Thread Rating:
  • 0 Vote(s) - 0 Average
  • 1
  • 2
  • 3
  • 4
  • 5
Non-Crossovers that Should Be, or Plotbunnies Free to Good Home
 
This will date me, but what about Sgt. Shriver?
-- Bob
---------
Then the horns kicked in...
...and my shoes began to squeak.
Reply
 
How could you forget Sgt. Bilko or Sgt. Slaughter?
"Don't cry because it's over. Smile because it happened."
--Dr. Seuss
Reply
 
*rolls eyes* Clearly this is a job for Sgt. Major
Hear that thunder rolling till it seems to split the sky?
That's every ship in Grayson's Navy taking up the cry-

NO QUARTER!!!
-- "No Quarter", by Echo's Children
Reply
 
Sergeant Stripes ... Forever.
Those who are really elderly residents of the U.S. such as myself, by the way, will remember that this was the title of a comic strip that ran in some newspapers about the time of the Bicentennial (it actually started in May 1972).  

It was also, by the way, the nickname of a B-24 lost in the Pacific during WWII.
-----
Big Brother is watching you.  And damn, you are so bloody BORING.
Reply
 
Okay, here's one I haven't seen done before.

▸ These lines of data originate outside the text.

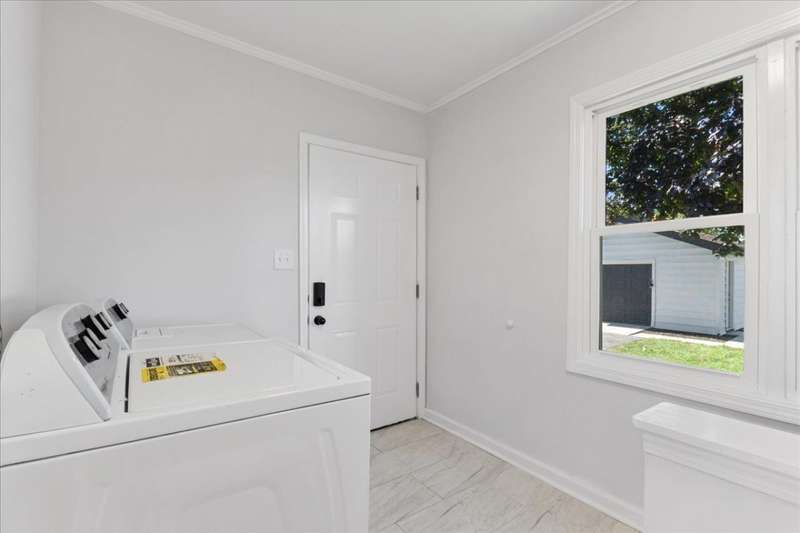 Fully Renovated & Move-In Ready - Bring Your Offer! This beautifully updated 4-bedroom, 2-bath single-family home has been completely renovated from top to bottom, blending modern finishes with timeless comfort. Step inside to an open layout featuring brand-new flooring, fresh paint, and new windows throughout. The spacious kitchen showcases new cabinetry, quartz countertops, and stainless steel appliances (2025), along with a new washer and dryer for added convenience. Each level includes a full bathroom, both thoughtfully designed with stylish tile and updated fixtures. The basement is framed and prepped for a future third bathroom-offering flexibility for expansion. Outside, enjoy a new front porch, updated driveway, fenced yard, and a detached garage. This move-in ready home is a clean slate, allowing its next owner to add personal touches and truly make it their own.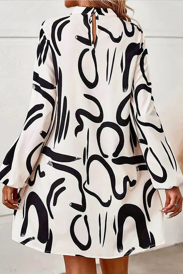 - Kratka haljina sa spektakularnim uzorkom, pogodna za razne modne kombinacije.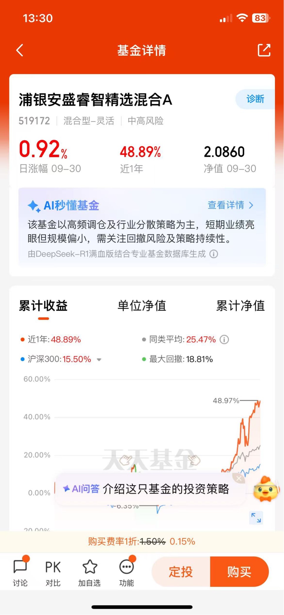 国内科技股估值有望修复中美价差,还没上车芯片的可以看看$浦银安盛睿智精选混合A$ ,近一年47个点,涨幅确实可以呢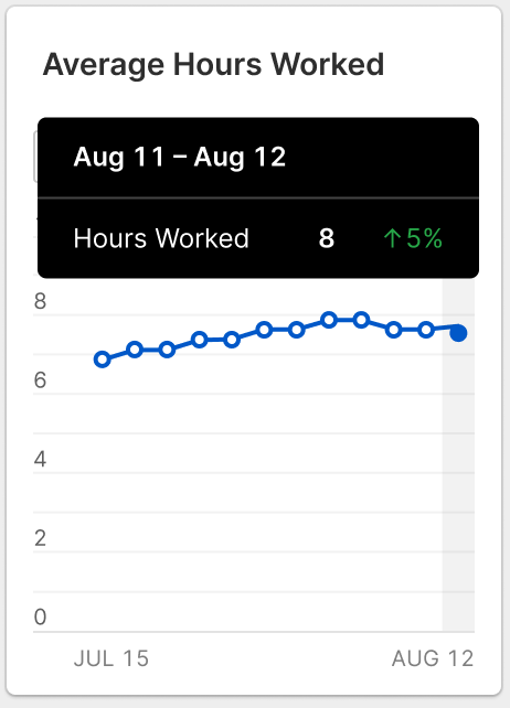 - Pase el cursor sobre los elementos del gráfico para ver valores precisos del promedio de horas trabajadas y la tendencia para la fecha o rango elegido.

During the first month of Sword Art Online, roughly 2,000 people died in the game. As per Kayaba's hack of the NervGear, game death caused the NerveGear headset to emit a lethal microwave pulse, killing the player IRL.

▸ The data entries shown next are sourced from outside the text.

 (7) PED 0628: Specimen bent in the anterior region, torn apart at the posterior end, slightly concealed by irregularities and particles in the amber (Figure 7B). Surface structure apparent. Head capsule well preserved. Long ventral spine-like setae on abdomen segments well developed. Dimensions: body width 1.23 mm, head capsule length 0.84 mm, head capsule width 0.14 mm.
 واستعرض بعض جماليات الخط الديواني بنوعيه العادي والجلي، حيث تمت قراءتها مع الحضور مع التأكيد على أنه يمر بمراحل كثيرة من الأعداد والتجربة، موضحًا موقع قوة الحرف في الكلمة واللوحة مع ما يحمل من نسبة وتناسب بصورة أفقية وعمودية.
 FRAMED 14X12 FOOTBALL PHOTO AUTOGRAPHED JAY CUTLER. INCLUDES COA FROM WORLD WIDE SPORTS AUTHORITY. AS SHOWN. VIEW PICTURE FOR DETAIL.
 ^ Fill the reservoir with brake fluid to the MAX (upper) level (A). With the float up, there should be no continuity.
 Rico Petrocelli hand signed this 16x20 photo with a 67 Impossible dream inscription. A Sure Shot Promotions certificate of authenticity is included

But, while Kayaba may have been a brilliant hacker and programmer, and perhaps even hardware designer, there's one thing he wasn't: a quality-control expert.

So what are the odds that, among those ~2000 fatalities, one of them had a NervGear that popped a breaker or blue-screened instead of frying the wearer? Now, suddenly, the Virtual Crimes Division has an SAO escapee with valid login credentials, who's not dead... and might be able to re-spawn. If they can convince him/her to log back in. And if they can come up with a way to give their agent... an edge.

(I recall a *lot* of griping from MMO players about how SAO's local file storage for items, skills, levels, etc, could be abused. Kayaba didn't care, since he didn't really have to worry about that. But now?)
Reply
 
Fund it!
-- Bob
---------
Then the horns kicked in...
...and my shoes began to squeak.
Reply
 
better idea to go with that. Send in an A-team of military gamers to fight there way through once they have that oh so valuable intel asset out
 
Reply
 
I've always thought the IRL Death element of SAO was dumb - as if any piece of equipment is ever going to get past the FDA and other agencies that has any possibility of microwaving the brain of the user even at overamped/max output.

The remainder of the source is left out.